Authors: Adam Roberts
Tags: #General, #Science Fiction, #War and civilization, #Life on other planets, #Space colonies, #Fiction
‘I remember,’ she said, triumphant, as if the clincher in her argument had occurred to her. ‘Out of your own mouth you said it, when I first arrived in Als. When I was prosecuting my diplomatic duties: when I asked you to take me to the women’s dormitory you
said no, that you could not. So there is a law there, isn’t there, a law preventing you from going to that place if you’re a man.’
I laughed a little. ‘There’s no law,’ I said. ‘There are many women there who would not like to see me, I think. They would beat me up, throw me out. But that does not make it a
law
. And besides,’ I said, after a little while. ‘Why should I wish to go there?’

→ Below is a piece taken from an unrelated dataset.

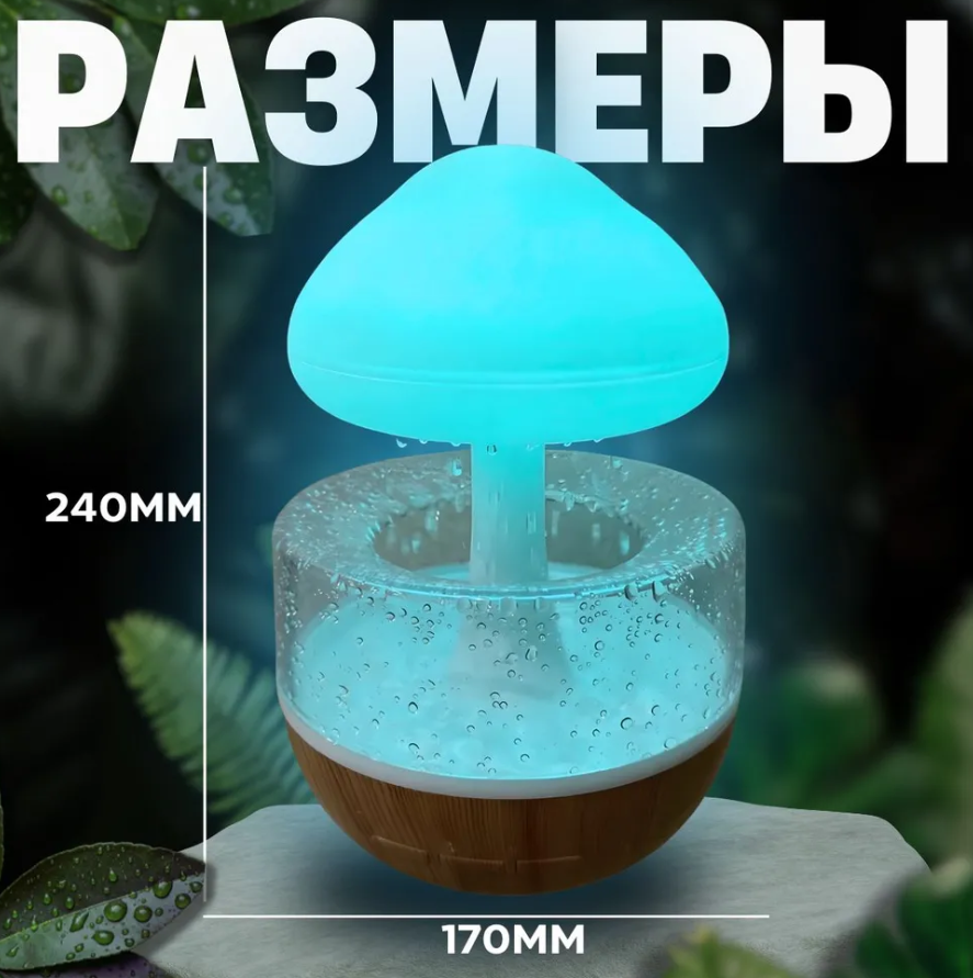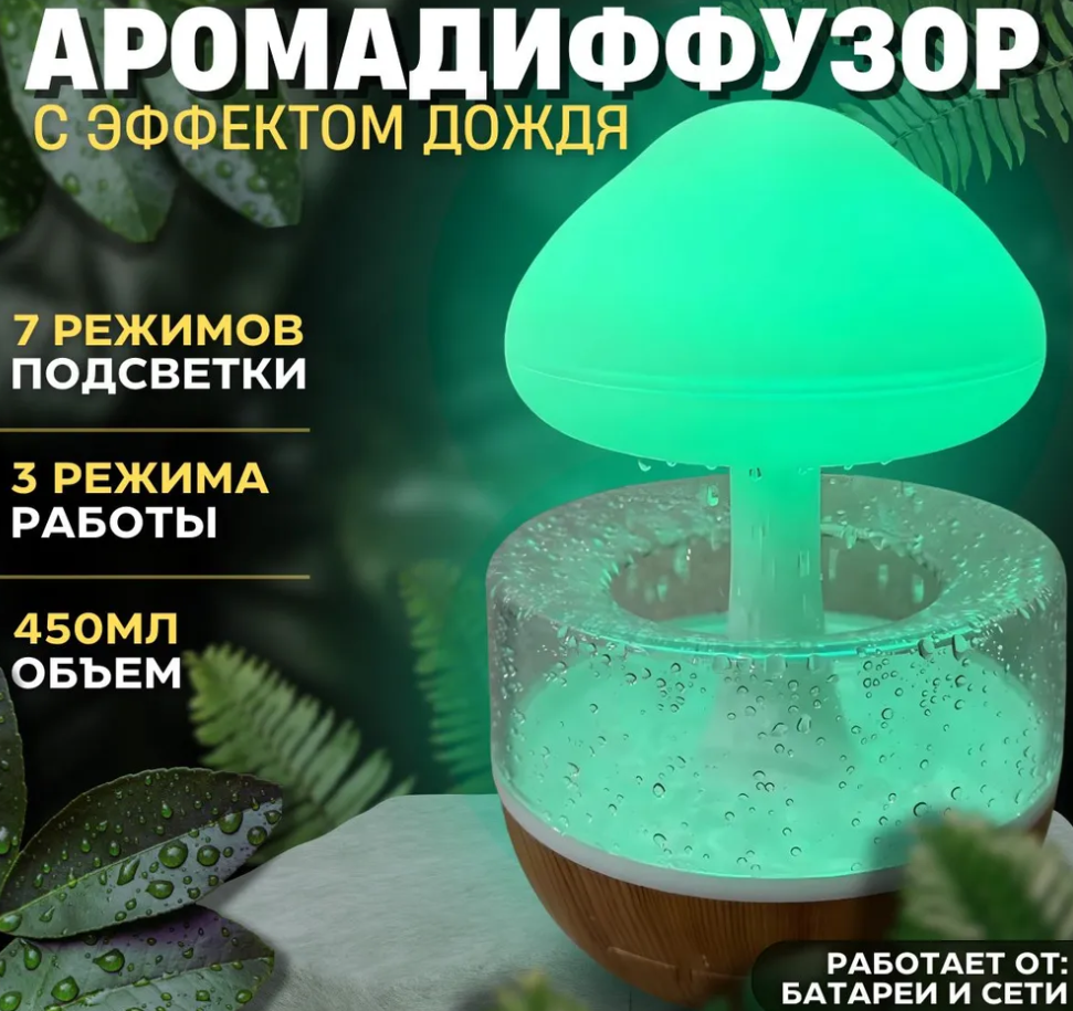 Аромадиффузор-ночник Облако / Дождь / Гриб с подсветкой с эффектом дождя интересное:

Rhoda Titus did not answer this for some time, except with a gentle shaking of her head from side to side. ‘There might be many reasons,’ she said, eventually.
‘Why, though? To meet a woman? I might meet her at any time. Why else?’ When there was no reply to this, I said, ‘I can tell you why I think you ask, indeed. Because
you
have a law, you naturally immediately think of breaking that law. You squash that desire deep in your heart, perhaps, because you think it wrong, but you feel it anyway. So then you have the law, and then you need police and army to prevent people breaking the law, and you need prisons and executions to punish those who do, and you need something greater than all this; you need the edifice of thought in which you wish every citizen to live, the prison in which thinking the opposite of the law is forbidden. And what we have chanced upon, in Als, is that without the law in the first place you need none of this.’
She shook her head, but said nothing in reply.
‘It seems,’ I said, slowly, ‘that we have different purchases on freedom. From this bunk, the view is of Senaar as a nation of slavery.’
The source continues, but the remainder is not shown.